══ Provided entries
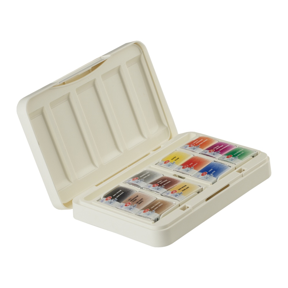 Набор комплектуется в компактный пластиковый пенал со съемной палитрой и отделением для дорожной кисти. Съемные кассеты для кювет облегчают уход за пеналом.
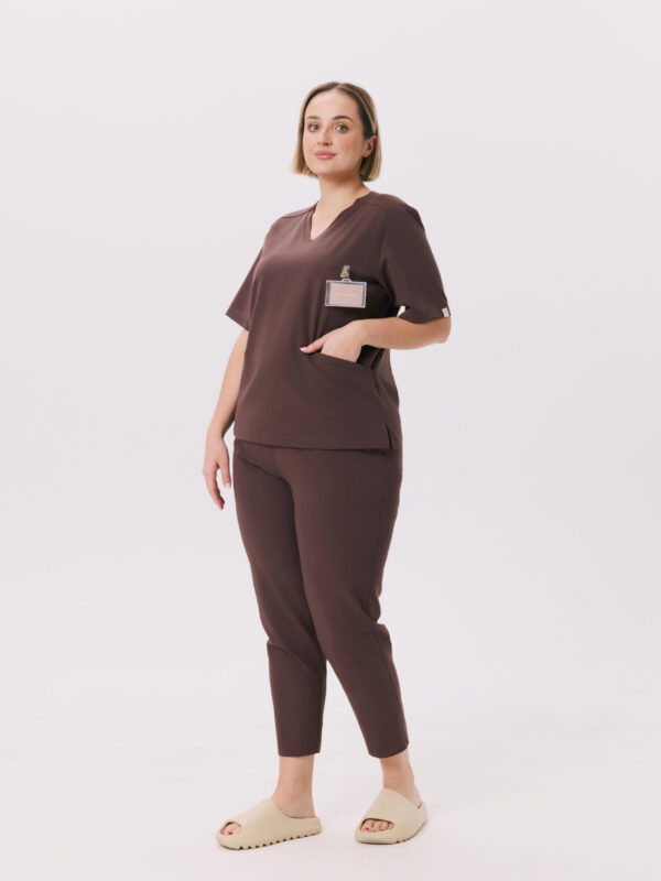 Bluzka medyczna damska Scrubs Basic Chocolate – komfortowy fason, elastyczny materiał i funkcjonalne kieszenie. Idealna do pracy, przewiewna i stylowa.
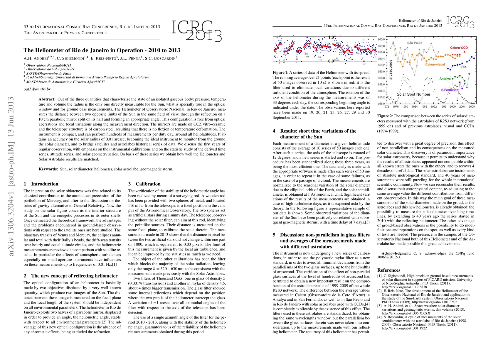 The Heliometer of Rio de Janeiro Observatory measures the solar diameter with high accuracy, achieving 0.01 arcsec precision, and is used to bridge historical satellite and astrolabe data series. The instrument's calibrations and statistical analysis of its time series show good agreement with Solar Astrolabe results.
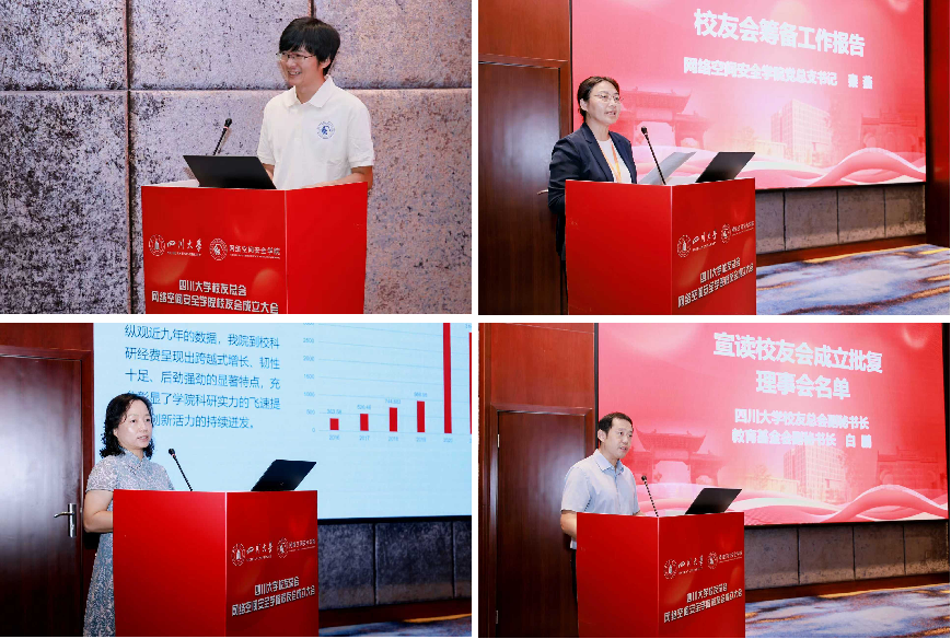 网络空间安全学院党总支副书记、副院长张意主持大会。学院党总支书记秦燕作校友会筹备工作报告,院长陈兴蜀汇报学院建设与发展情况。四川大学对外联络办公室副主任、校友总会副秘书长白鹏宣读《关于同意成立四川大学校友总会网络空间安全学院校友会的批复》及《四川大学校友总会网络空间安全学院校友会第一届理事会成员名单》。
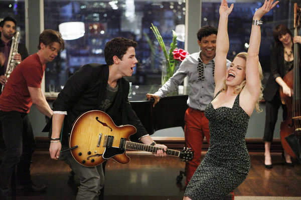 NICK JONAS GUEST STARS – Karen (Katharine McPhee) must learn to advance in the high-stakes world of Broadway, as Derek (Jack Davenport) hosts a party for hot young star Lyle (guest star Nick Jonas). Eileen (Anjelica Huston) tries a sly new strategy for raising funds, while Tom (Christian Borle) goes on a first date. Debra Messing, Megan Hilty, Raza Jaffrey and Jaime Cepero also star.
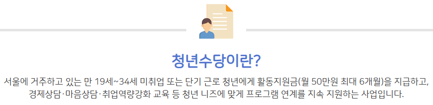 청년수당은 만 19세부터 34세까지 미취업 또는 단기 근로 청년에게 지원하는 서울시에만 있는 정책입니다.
════
The problem => Print an exact copy of the lines above, from the one containing "Bluzka medyczna damska" through the one containing "The Heliometer of", and leave out the pictures.

Answer to the problem =>
 Bluzka medyczna damska Scrubs Basic Chocolate – komfortowy fason, elastyczny materiał i funkcjonalne kieszenie. Idealna do pracy, przewiewna i stylowa.
 The Heliometer of Rio de Janeiro Observatory measures the solar diameter with high accuracy, achieving 0.01 arcsec precision, and is used to bridge historical satellite and astrolabe data series. The instrument's calibrations and statistical analysis of its time series show good agreement with Solar Astrolabe results.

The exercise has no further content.